PROVIDED MATERIAL:
****

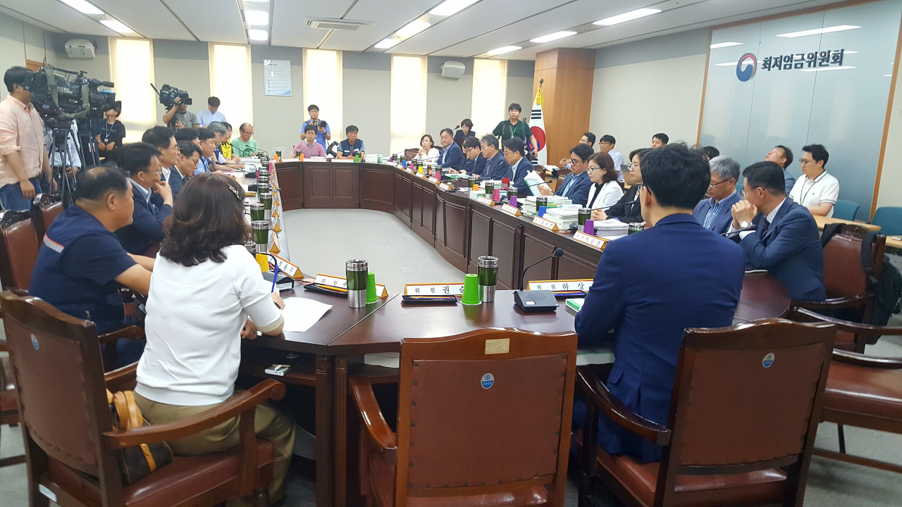 회의에는 사용자위원 8명과 공익위원 9명이 참석했다. 사용자위원 가운데 불참을 계속해온 소상공인 대표 2명도 복귀했다.
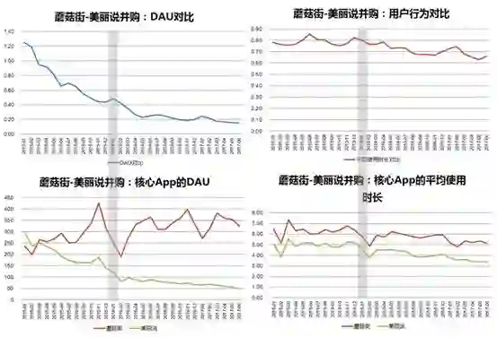 (对比为整合中的附属方数据比上主导方数据,即美丽说数据/蘑菇街数据)
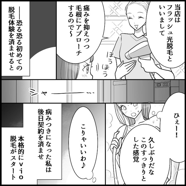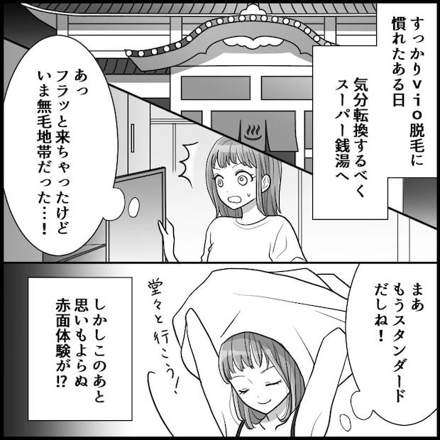 思い切って脱毛サロンの門を叩いたら、意外にも快適な“無毛”生活が待っていた主人公。勇気を出して行って良かったと思ったのもつかの間、このあと赤面必至の衝撃展開が待ち受けます。一体なにが……。

****

WHAT TO DO: From the first line of the material to the last, retype everything exactly except the images.

RESULT:
 회의에는 사용자위원 8명과 공익위원 9명이 참석했다. 사용자위원 가운데 불참을 계속해온 소상공인 대표 2명도 복귀했다.
 (对比为整合中的附属方数据比上主导方数据,即美丽说数据/蘑菇街数据)
 思い切って脱毛サロンの門を叩いたら、意外にも快適な“無毛”生活が待っていた主人公。勇気を出して行って良かったと思ったのもつかの間、このあと赤面必至の衝撃展開が待ち受けます。一体なにが……。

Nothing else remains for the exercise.